We performed a predictive functional profiling of bacterial communities using the PICRUSt software (Langille et al., 2013), that predicts the functional gene content based on KEGG database annotation for reference genomes (Kanehisa et al., 2014). We applied the latest version PICRUSt2 (Douglas et al., 2019), following its GitHub Wiki Manual (https://github.com/picrust/picrust2/wiki). These metagenomic predictions are neutral to whether the input sequences are within a taxonomic reference or not, as PICRUSt2 allows the use of ASV sequences as input data instead of ASV taxonomic assignments. ASVs with nearest sequenced taxon index (NSTI) >2 were excluded. Functional predictions were shown as Enzyme Classification numbers (EC numbers) (Kanehisa et al., 2017).
We performed a predictive functional guild analysis of soil fungi ASVs using FUNGuild version v1.0 (Nguyen et al., 2016), a program that parses ASVs into guilds based on taxonomic assignments. We only considered ASVs with either “probable” or “highly probable” confidence, as stated in FUNGuild, which bases guild assignments on a database curated by experts in fungal linages with >13.000 fungal taxa included (https://github.com/UMNFuN/FUNGuild/blob/master/README.md). We noted that many fungal ITS sequences were not assignable to any guild, probably as a consequence of no relative sequenced isolates included yet in the database.
Statistical analysis
⌅The effects of OM management on crop production, soil respiration, soil chemical properties, and abundance of bacteria and fungi (qPCR) were analyzed using linear mixed-effects models (LMM), with management practice as the fixed factor.
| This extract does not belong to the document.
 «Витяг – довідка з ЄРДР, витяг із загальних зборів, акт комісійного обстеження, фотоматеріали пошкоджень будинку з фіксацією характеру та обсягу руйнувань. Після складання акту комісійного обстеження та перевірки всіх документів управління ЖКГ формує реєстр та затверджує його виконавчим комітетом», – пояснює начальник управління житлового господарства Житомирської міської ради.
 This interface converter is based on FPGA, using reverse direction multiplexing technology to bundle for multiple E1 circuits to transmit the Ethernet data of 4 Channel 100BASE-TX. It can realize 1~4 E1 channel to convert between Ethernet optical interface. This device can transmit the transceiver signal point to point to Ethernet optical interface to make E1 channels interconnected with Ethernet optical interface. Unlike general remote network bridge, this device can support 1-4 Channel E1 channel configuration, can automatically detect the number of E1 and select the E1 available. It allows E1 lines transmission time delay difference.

For respiration, when we had multiple measurements per greenhouse, greenhouse ID was included as a random factor. In LMM of soil respiration, OM management, time and their interaction were included as fixed factors, and the PVC-collar was considered the repeated measurement unit. Soil temperature and soil water content were included as covariates in soil respiration analysis. As their effect was not significant, these covariates were not included in the final respiration analysis. When necessary, we selected a variance function structure to avoid heteroscedasticity. Logarithmic transformations of respiration and qPCR results were also needed to meet normality assumptions. The restricted maximum likelihood estimator (REML) was used to run the models. Post-hoc comparisons were performed using Fischer’s LSD test for each factor. The combined effects of biotic and abiotic factors on respiration were analyzed using a partial least squares regression (PLS) model, where soil chemical properties, and prokaryotic and fungal DNA abundance (qPCR results) were included as predictors and respiration was the dependent variable.
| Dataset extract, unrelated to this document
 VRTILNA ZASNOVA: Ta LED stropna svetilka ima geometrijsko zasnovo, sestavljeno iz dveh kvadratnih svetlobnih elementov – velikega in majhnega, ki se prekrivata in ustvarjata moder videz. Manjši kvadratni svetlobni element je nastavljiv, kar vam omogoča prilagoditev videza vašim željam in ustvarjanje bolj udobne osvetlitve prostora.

Unless otherwise specified, all analyses were done with R 3.5.2 version (R Core Team®, 2018) using the interface implemented in InfoStat® 2018 statistical software (Di Rienzo et al., 2019). Significance of differences between treatments were set at p<0.05. Results throughout the text, figures, and tables are mean ± 1 SE.
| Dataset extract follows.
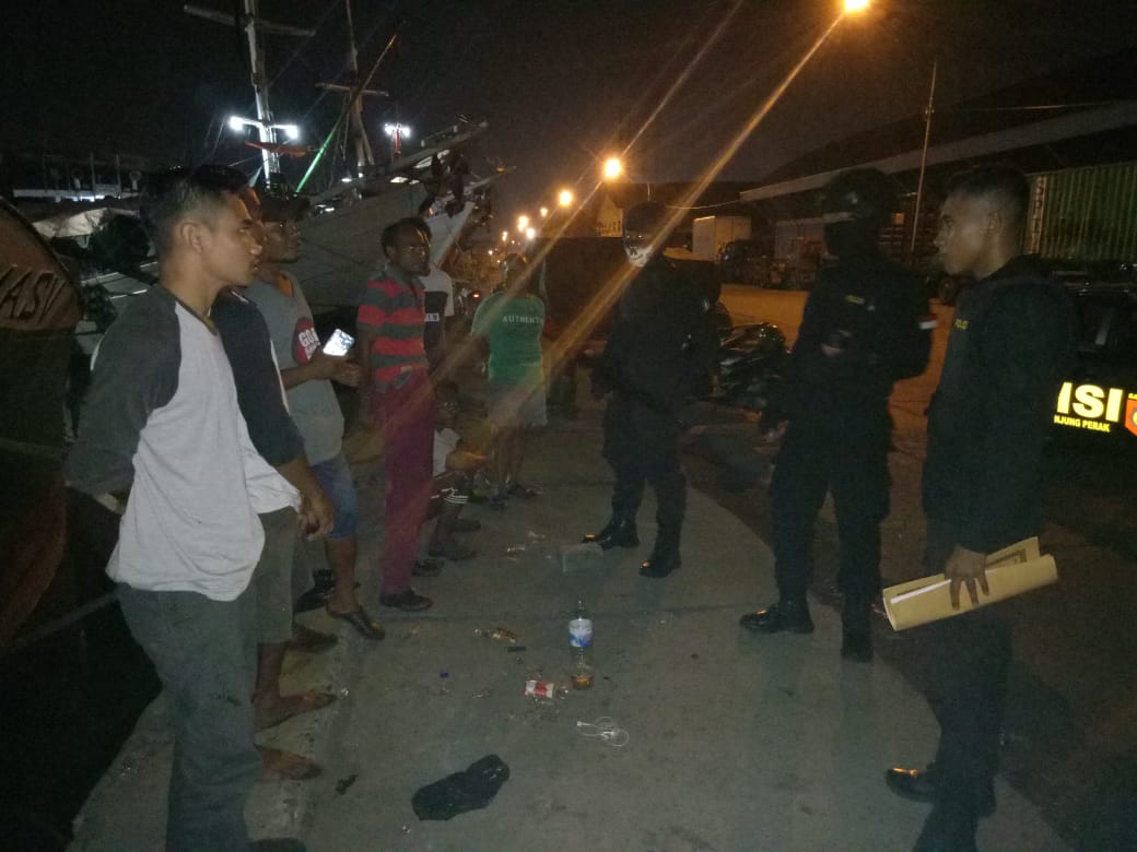 Seperti yang dilakukan personil Unit Raimas Satsabhara Rabu malam, 27 Maret 2019 di kawasan Jalan Tambak Asri dan sekitar Pelabuhan Kalimas.

Finally, Calypso software (Zakrzewski et al., 2017) was used to calculate β-diversity indices on normalized 16S rRNA and ITS datasets, to produce multivariate diagrams and to perform statistical tests on the microbiome data, using the ASV matrix and the taxonomic assignments generated by QIIME2 as input data. We then performed analyses of β-diversity using a Kuskal-Wallis test at a 95% confident level and β-diversity using PERMANOVAs and calculated a linear discriminant analysis (LDA) effect size (LEfSe) algorithm (Segata et al., 2011) to identify specific features (ASVs, taxa and predicted functions) in soils with significant associations to OM managements (p<0.05).